Gustavia créé en 2008 pour le festival Montpellier Danse, poursuit son chemin autour du burlesque et de la question de la représentation. Familière des performances la danseuse et chorégraphe d’origine madrilène, La Ribot rencontre une autre danseuse et chorégraphe la française Mathilde Monnier. Ensemble, elles créent ce spectacle qui n’est pas vraiment un objet chorégraphique non identifié, mais plutôt une forme originale d’entretien, au travers duquel elles abordent des thèmes comme la mort, être artiste, être femme, la représentation.

Tous ces thèmes sont traités de manière burlesque, ludique avec beaucoup de sérieux. Comme s’ il était indispensable à un moment donné de se poser les bonnes questions. Scène sur la scène, de grands rideaux noirs derrière lesquels elles peuvent se cacher, apparaître et disparaître avec plus ou moins de surprises, redéfinissent l’espace. Au sol une sorte d’énorme tissu noir recouvre le plateau. Celui-ci devient une matière palpable, malléable sous lequel on peut là encore se cacher, se faire oublier ou susciter l’émotion.
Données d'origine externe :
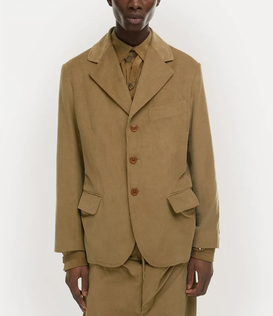 Notre veste Wreck est un modèle emblématique de la maison. Cette saison, elle est réinventée dans une finition en velours côtelé de coton doux, avec des boutons gravés sur le devant. Légèrement cintrée à la taille pour une coupe plus ajustée, elle est dotée d’un col à revers cranté.

Mathilde Monnier et La Ribot s’en donnent à cœur joie dans l’exploration de cet espace qui avec peu d’éléments, génère gags et séquences complètement loufoques. Du personnage prétentieux s’écoutant parler sur la mort et surtout sur celles des autres, à celui qui une planche à l’épaule va et vient et dont chaque changement de direction est propice à renverser l’autre sans s’en rendre compte, les ressorts comiques apparaissent clairement. Les qualités de ces propositions et leur incarnation permettent au spectateur d’entrer dans cette danse si particulière. Car c’est bien de danse dont il s’agit ici, quand bien même des univers artistiques différents peuvent s’y glisser. Le corps est un prétexte à exposer, à s’exposer et souvent à exploser.
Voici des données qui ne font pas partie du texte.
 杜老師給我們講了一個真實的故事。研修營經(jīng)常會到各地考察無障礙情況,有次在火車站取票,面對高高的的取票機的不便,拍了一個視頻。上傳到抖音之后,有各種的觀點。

Une main sur un genou retroussant un pantalon, devient quelque chose d’essentiel dans l’affirmation de soi, dans ce que l’on donne à voir, et dans ce que l’on projette chez l’autre. Ce duo complice et malicieux joue avec les conventions du théâtre et de la représentation tout en ironisant. Juchées sur deux tabourets, elles s’accrochent aux rideaux et s’amusent à y rester le plus longtemps possible ; autre jeu, celui d’énoncer des vérités (fruits d’un imaginaire débordants au réalisme parfois percutant) sur la femme.

Toujours debout, sur ces tabourets en fond de scène, elles scandent tour à tour puis ensemble, ce qu’est une femme. La parole rebondit sans cesse de l’une à l’autre, l’une sur l’autre. Elle s’entasse, s’ajoute, s’annule, se soustrait. Ponctuée par des gestes grandiloquents, anodins, grimaçants. Les corps expulsent, des histoires de femmes se tissent : des femelles animales, des femmes politiques, des femmes policées, mais aussi des femmes écoeurantes, exaspérantes, méchantes et/ou belles.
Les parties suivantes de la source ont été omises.